The study also showed that the technique has use for the clinical interpretation of genes that have known variation in the human population but where the effect of that variation on susceptibility to common polygenic diseases is not well known. In addition to BRCA, Doench pointed to the cholesterol receptor gene LDLR as an example.
The approach can be used to identify gain-of-function and loss-of-function variants, and to screen variants across many genes in parallel to determine their contribution to a common phenotype, the researchers said. That would lead to the creation of look-up tables that connect sequence variation and gene function, even if a variant has yet to be observed clinically.
While in the case of most diseases, loss-of-function variants are more common, gain-of-function variants are just as important to characterize, Doench said. In the case of BRCA1 variation, for example, knowing whether a variant is causing a loss of function or whether BRCA1 is still active can help a clinician determine whether or not to treat a patient with a PARP inhibitor. "So it affects multiple levels of clinical decision making," he said. "Characterizing variants is going to be very valuable."

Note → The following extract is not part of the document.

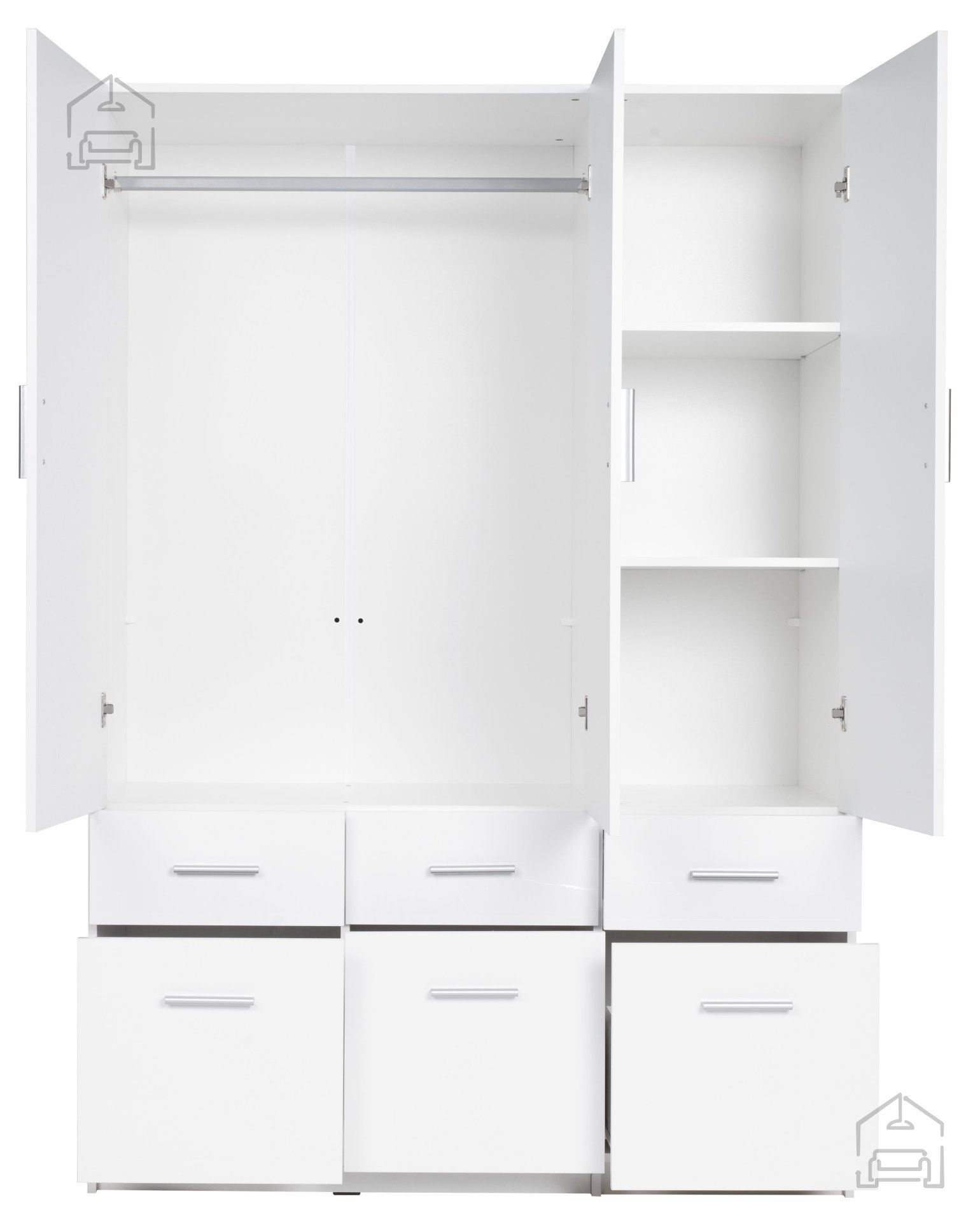 Die Wahl des richtigen Kleiderschranks ist eine langfristige Entscheidung. Dieses Modell vereint alle Eigenschaften, die ein moderner Käufer erwartet: Geräumigkeit, Funktionalität, Haltbarkeit und ein elegantes Erscheinungsbild. Außerdem kommt die weiße Farbe nie aus der Mode, sodass der Schrank immer frisch und modern aussieht. Mit seiner Hilfe behalten Sie leichter Ordnung im Raum, was zu einem angenehmen und gepflegten Zuhause beiträgt.

Another advantage to this method is that it could help reduce the number of variants of unknown significance that currently exist in clinical databases. One of the biggest challenges in assessing how significant a genetic variant is to human health is finding the right model system to test its function, Doench said. BRCA1 can be assessed through a simple growth assay in the lab, but genes involved in immune response, for example, are much harder to model in HeLa cells.
"The good news is that there are still several thousand genes which have a growth effect, so we'll be able to make good headway with a lot of those genes," he said. "But there are absolutely going to be many genes for which we need better assay systems to say, 'Is this gene functional? Is this variant for this gene functional or not?'"

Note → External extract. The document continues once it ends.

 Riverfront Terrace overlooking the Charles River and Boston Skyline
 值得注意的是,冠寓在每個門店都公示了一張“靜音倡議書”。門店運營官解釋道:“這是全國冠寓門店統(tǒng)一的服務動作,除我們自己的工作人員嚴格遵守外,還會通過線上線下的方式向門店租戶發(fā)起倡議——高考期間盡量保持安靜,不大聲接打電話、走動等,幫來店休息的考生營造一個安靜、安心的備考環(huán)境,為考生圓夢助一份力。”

And while even the base editor approach has limitations, such as which amino acids can be targeted and changed, the technique is an improvement on current methods and gives researchers an additional tool to work with.
And there will likely be even more tools built upon this one in the future. In addition to CBEs, Liu and his colleagues developed an Adenine Base Editor (ABE) in 2017 that is capable of converting A-T base pairs to G-C bases. At the time Doench and his colleagues started their study, ABEs had only recently been developed and the version they were working with wasn't as efficient as they wanted for high-throughput screening. Since then, he said, ABEs have gone through several iterations, and the team is now working with the newest version to develop an ABE-based approach similar to the CBE-based method in the Cell paper.
More recently, Massachusetts General Hospital researchers led by Julian Grünewald and Keith Joung and a second team led by researchers from the Chinese Academy of Sciences independently developed CRISPR base editors that induce targeted DNA transversions, changing C to G in human cells. Doench and his colleagues haven't tried that kind of base editor for this type of screening yet, but they plan to do so.
And finally, they're aiming to try modified versions of Cas9 in order to expand the possible target sequences the enzyme can hit. Wild-type Cas9 is restricted to a protospacer adjacent motif (PAM) of NGG, narrowing which bases it can target in the genome. But certain groups — including researchers at the Broad; the University of California, Berkeley; and Mass General — are evolving or engineering new versions of Cas9 to have more relaxed PAM requirements or to be nearly PAM-less, and these Cas9 orthologs are already being used to improve the targeting abilities of base editors.
"Using these base editors with those more targetable Cas9 versions is already the direction we're going in, and we're certainly very excited about that," Doench said.